“He didn’t. For that matter, neither did the little man who wasn’t there. I was kidding you, Hank. There isn’t any little man who wasn’t there.”

“Oh,” I said. I repeated it slowly, or started to. “There—isn’t -any—little—man—who—wasn’t—” I gave up. “I think I begin to see,” I said. “What you mean is that there wasn’t any little man who isn’t here. But then, who’s Yehudi?”

“There isn’t any Yehudi, Hank. But the name, the idea, fitted so well that I called it that for short.”

“And what do you call it for long?”

“The automatic autosuggestive subvibratory superaccelerator.” I drank the rest of my drink.

“Lovely,” I said. “I like the Yehudi principle better, though.
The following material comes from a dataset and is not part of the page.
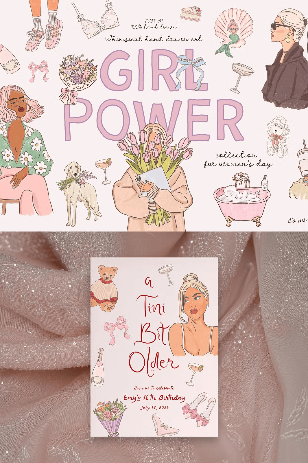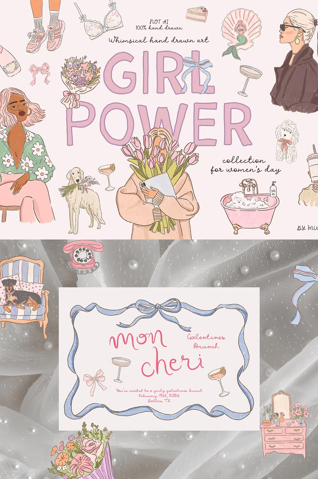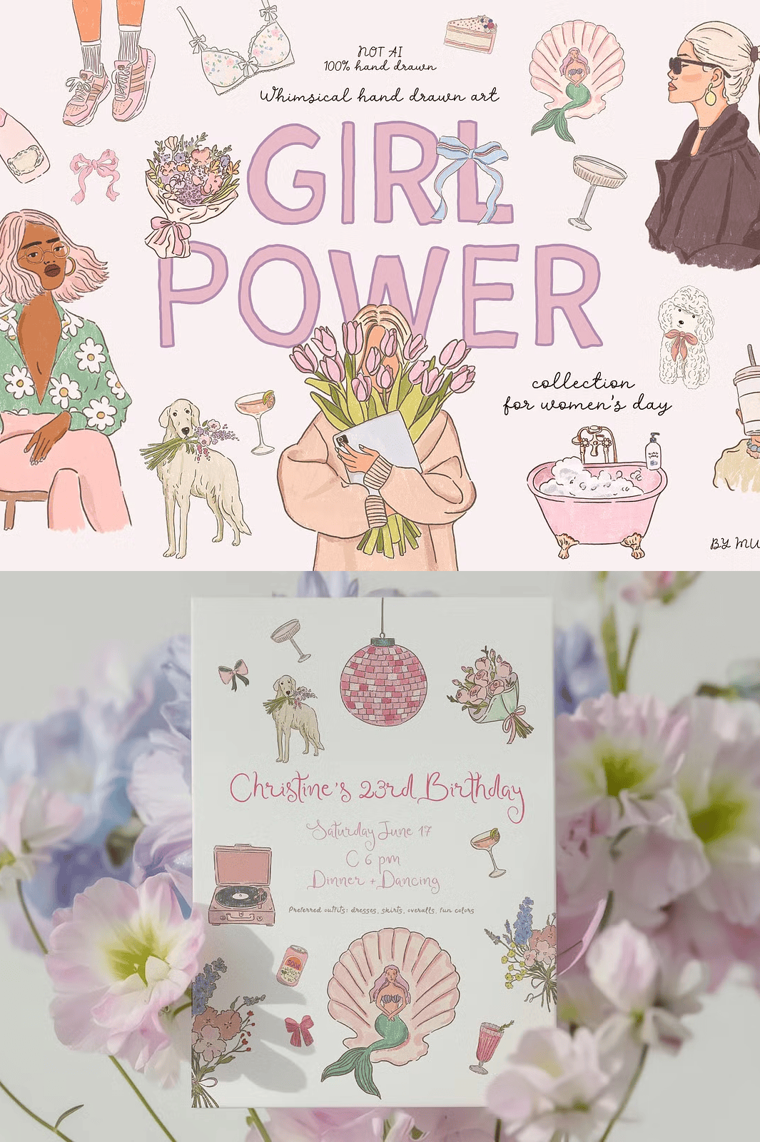 Whether you’re crafting unforgettable invitations for a girls’ night, designing heartfelt Mother’s Day cards, creating vibrant 8 March promotions, or building a gift line for her, this collection gives you the tools to inspire. Every design element is thoughtfully composed for instant impact and emotional resonance. Use the illustrations to elevate branding for women’s businesses, enhance social media content, build printable planners, or design stickers, apparel, and home décor. These visuals don’t just decorate—they connect, celebrate, and empower.

But there’s just one thing. Who brought us that drink-stuff? The gin and the soda and the so forth?”

“I did. And you mixed our second-last, as well as our last drink. Now do you understand?”

“In a word,” I said, “not exactly.”

Charlie sighed. “A field is set up between the temple-plates which accelerates several thousand times, the molecular vibration and thereby the speed of organic matter—the brain, and thereby the body. The command given just before the switch is thrown acts as an autosuggestion and you carry out the order you’ve just given yourself. But so rapidly that no one can see you move; just a momentary blur as you move off and come back in practically the same instant. Is that clear?”

“Sure,” I told him. “Except for one thing. Who’s Yehudi?”